Es decir, esta corriente teórica prioriza sobre el sentido y significado que los sujetos dan a sus acciones y decisiones individuales. Por eso, se concentra en el individuo y no en las estructuras sociales y le concede mayor importancia a la comprensión de la acción social (la cual tiene un sentido y significado) que a la coerción o coacción social (como en el caso de Durkheim).
Para este autor, la sociología debe encargarse de interpretar la acción a partir de la evidencia obtenida. Sin embargo, “la explicación interpretativa frente a la observación tiene ciertamente como precio el carácter esencialmente más hipotético y fragmentario de los resultados alcanzados por la interpretación. Pero es precisamente lo específico del conocimiento sociológico” .
Es en este punto donde la comprensión de la acción a través de la interpretación, que se pueda hacer de ella es la unidad de análisis de la sociología comprensiva, pero considerando que “la acción social no es idéntica a) ni es una acción homogénea de muchos, b) ni a la acción de alguien influido por conductas de otros”.
De esta manera desde esta perspectiva lo social es definido por las interacciones dadas entre los sujetos y las consecuencias de las acciones individuales. Por su parte, la relación es una conducta plural que es recíprocamente referida y orientada por la reciprocidad.
APORTE E INFLUENCIA DE SIMMEL
De todos los clásicos, es quizá Georg Simmel (1858-1918) el único que no goza de un amplio prestigio en Latinoamérica como los anteriores (Durkheim, Weber, Marx), debido, tal vez, al desconocimiento de su obra o la subvaloración de la misma.
Recientemente en español ha sido publicada la obra Pedagogía Escolar, la cual recoge sus lecciones sobre pedagogía (impartidas en el Jardín de Botánica de la Universidad de Estrasburgo, único lugar que quedó disponible al ser ocupadas las aulas como hospital militar durante la Primera Guerra Mundial), escritas por Simmel pero editadas por Karl Hauter.
Watier señala que este enfoque teórico se caracteriza por considerar a la sociología como una ciencia ecléctica, que toma de otras ciencias (Historia, Antropología, etc.) materiales para elaborar una síntesis con base en una nueva mirada (mirada sociológica) sobre los hechos, por eso las obras de Simmel abarcan un amplio espectro de ciencias sociales y la filosofía.

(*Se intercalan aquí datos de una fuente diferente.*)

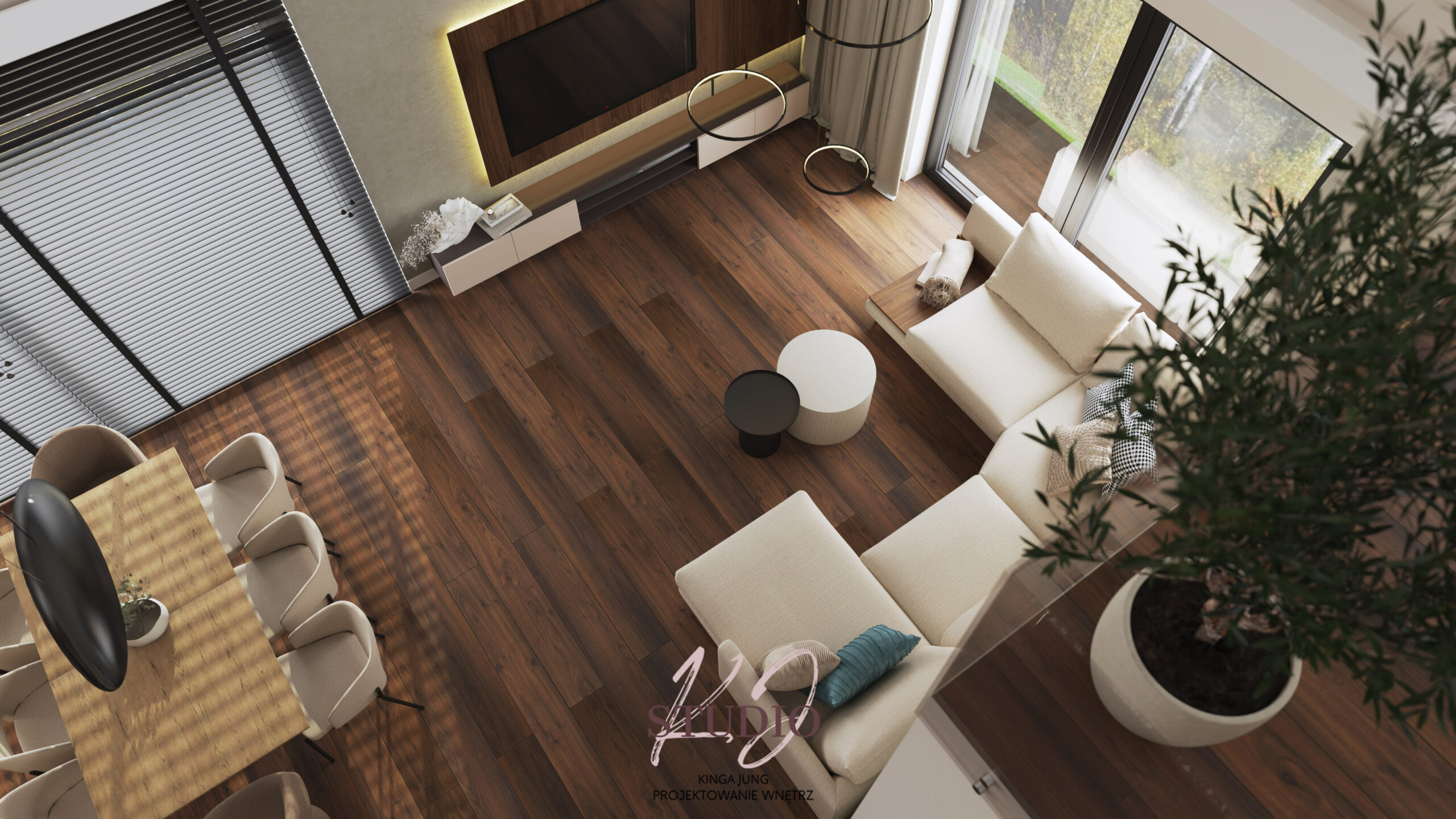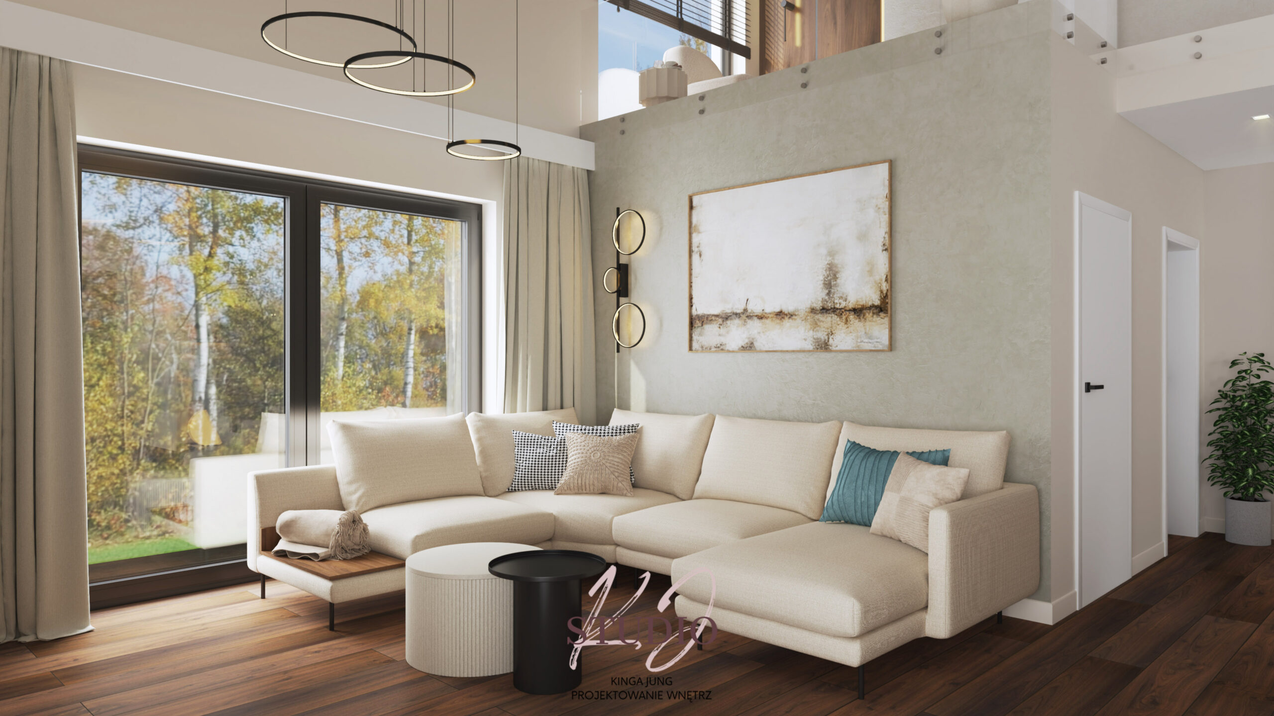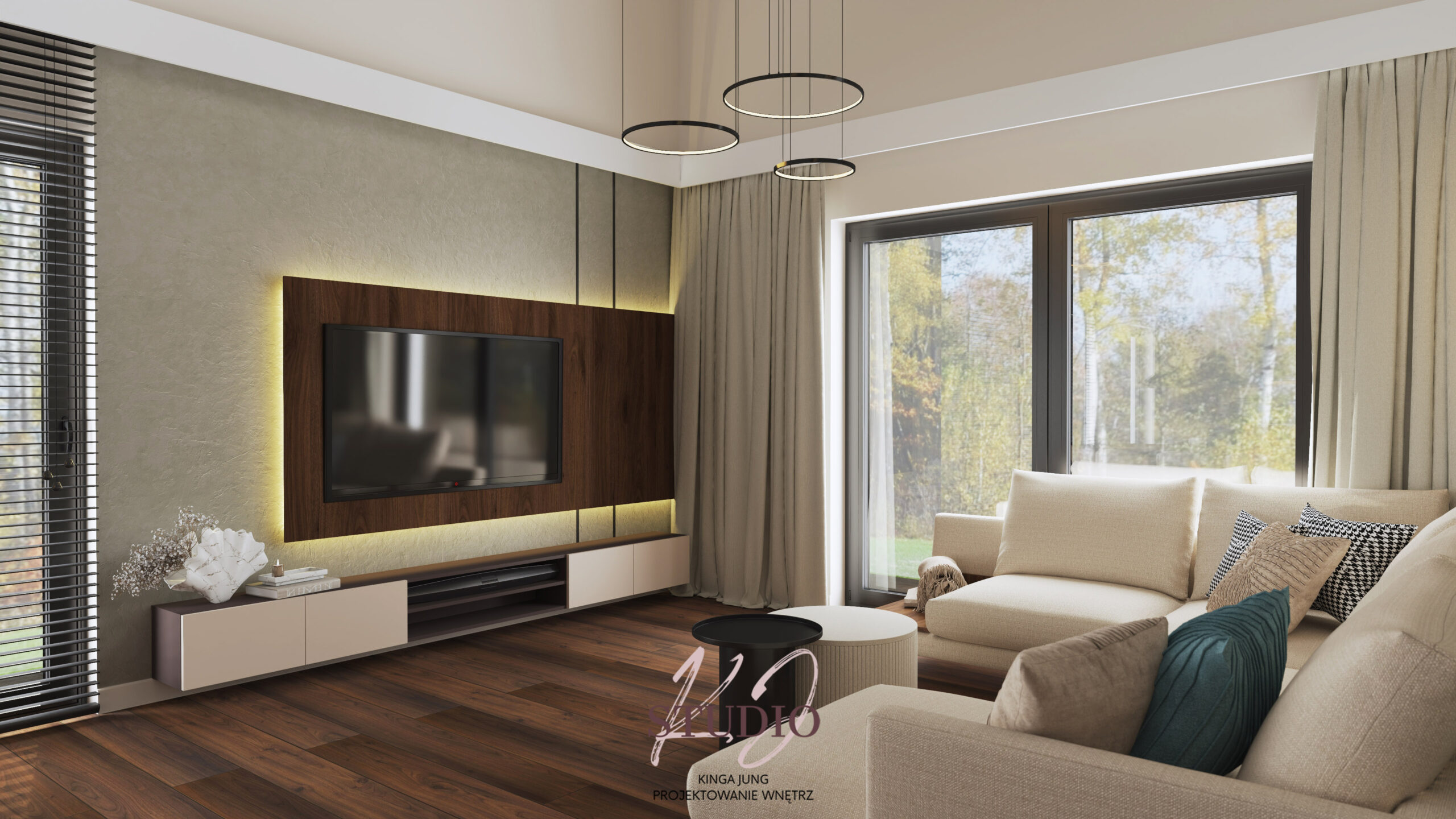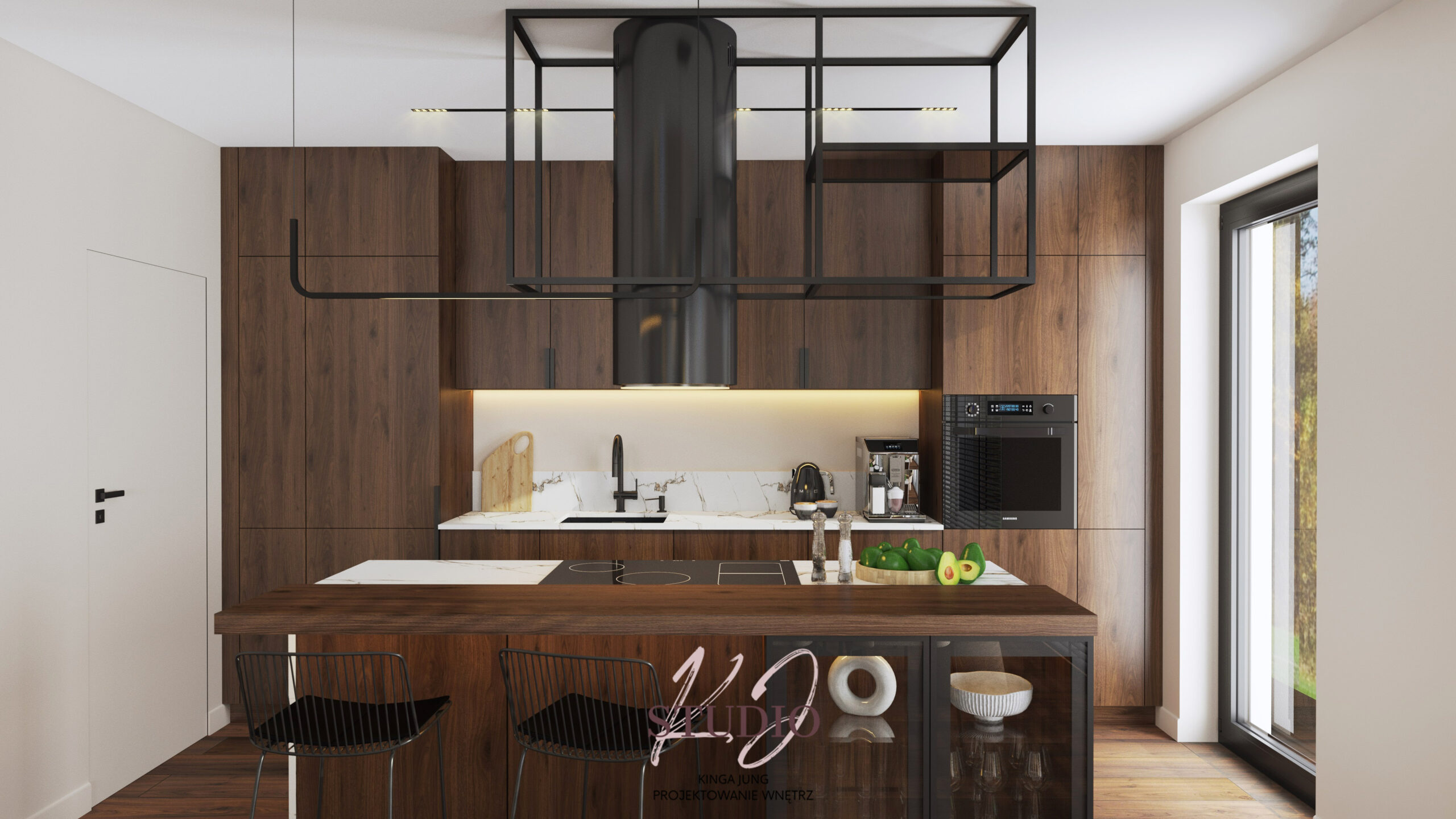 z wygodną półeczką. Dzięki modułowej formie, został on dopasowany do przestrzeni salonu. Po przeciwnej stronie znajduje się zabudowa TV z dekoracyjnym oświetleniem. Kuchnia to szafki z ciemnym drewnem oraz jasnym blatem. Zabudowa do sufitu pozwala

Esta mirada parte de la premisa de tomar cierta distancia para registrar los hechos y la experiencia que sucede en la realidad social. Pero valora que estos hechos puedan tomar el lugar de conocimientos como una construcción, producto de una interpretación y un modelado por parte de los individuos que se encuentran inmersos en numerosas ligaduras sociales.
Por otro lado, para Simmel la sociedad es posible gracias a la conciencia de ser socializado, de quienes integran la sociedad. Esta se da bajo una reciprocidad, pero no se da en forma total y mucho menos de la forma idealizada que denotan algunos autores, dando paso a una correlación entre el individuo y la aparición de colectivos, de los cuales forma parte.
Por eso, para este autor la aparición de grupos y las formas de ligaduras y relaciones asociativas entre sus integrantes se cubren de especial importancia, ya que dan paso a la formación de colectivos.
Otro aspecto importante del análisis de Simmel son las formas de socialización, las cuales cargan con un contenido (intereses, pulsiones, disposiciones, sentimientos, etc.), en las cuales para conseguirlos cada individuo va a materializarlos a través de diversas formas de socializarse.
Por eso, si bien para Simmel son importantes las instituciones sociales, es más importante el estudio de las asociaciones como parte de las relaciones de unos con otros, dinámica en la que la socialización se convierte en un vínculo entre individuos y genera diversos grados de cohesión entre los mismos.
Estas formas de asociación son más o menos conscientes. Así el contenido de una socialización puede generar asociaciones y estas a su vez genera la aparición de colectivos, de manera que, entre más elevado sea el grado de conciencia de aquello que los une, más alto será valorizada esa ligadura que los une.